Now, I have confirmed with people who have been in the business longer than me that the “end of publishing as we know it” sentiment has been around as long as they’ve been in the business, with everything from the publishing mergers back in the ’80s and ’90s to that one time Maxwell Perkins ran out of gin being viewed as a harbinger of the publishing apocalypse. So I’m not by any means endorsing the view that we should all just give up and go sell steak knives.
My reaction to the article can be summed up as so: the coming years are indeed going to be tough for publishers as Amazon, Sony and other tech companies muscle in on the publishers’ traditional sphere of distribution. And you can see in the article the pressure to come up with some new means of making books that can deliver consistent margins. But at the same time, this is a time of tremendous opportunity for authors, especially those who can deliver an audience consistently.
But what do you think?
Kim Haynes says
I agree with everyone who commented that our job as writers is to keep butt in chair and get the stories out there. I am also one of those people who can’t entirely get behind e-books for my own reading, though I should probably give it a try, considering how much I read.

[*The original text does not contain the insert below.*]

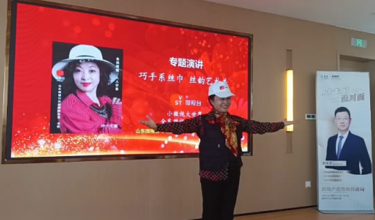 山东微视台《丝韵》频道总监兼制片人李昕做了“巧手系丝巾,丝韵艺术美”的主题演讲和表演。

I am curious about how these changes will affect what is published and how it’s published. If the technology allows more people to get published and read, I’m all for it. Frankly, I don’t have a trust fund and I do have a day job, but I’d rather have a smaller advance and “invest” in the future of my career as a novelist. Of course, I’m unpublished as of yet, so maybe that’s easier for me to say right now….
Thanks for the blog, Nathan — I read it regularly — and for posting this article. Very thought-provoking.
Lauri Shaw says
This is a wonderfully written and well researched article that has its finger on the pulse of the publishing industry’s current plight and its fears. Thanks for linking to it, Nathan.

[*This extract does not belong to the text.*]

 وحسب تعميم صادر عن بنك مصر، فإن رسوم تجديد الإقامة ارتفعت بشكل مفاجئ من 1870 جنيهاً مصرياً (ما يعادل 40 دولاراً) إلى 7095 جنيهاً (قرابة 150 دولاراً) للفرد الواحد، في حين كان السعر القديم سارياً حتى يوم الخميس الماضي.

Here’s hoping that publishing can learn from music’s appalling errors with both artists and consumers during these transitions, which will take years.

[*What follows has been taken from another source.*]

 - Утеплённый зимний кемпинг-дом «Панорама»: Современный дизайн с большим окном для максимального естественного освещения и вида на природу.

The music business crisis has provided new opportunities for those artists who were ready to change and take risks. In many ways, the collapse of Big Music is still separating the wheat from the chaff. Most unsigned musicians I know look wistfully at the majors and hope to someday attain land their stamp of legitimacy. But in the mean time, they’re doing a lot more DIY, and they’re using the internet to its fullest capacity. The most enterprising of acts can more than break even without any middlemen – which is often better than they’d do on an indie label.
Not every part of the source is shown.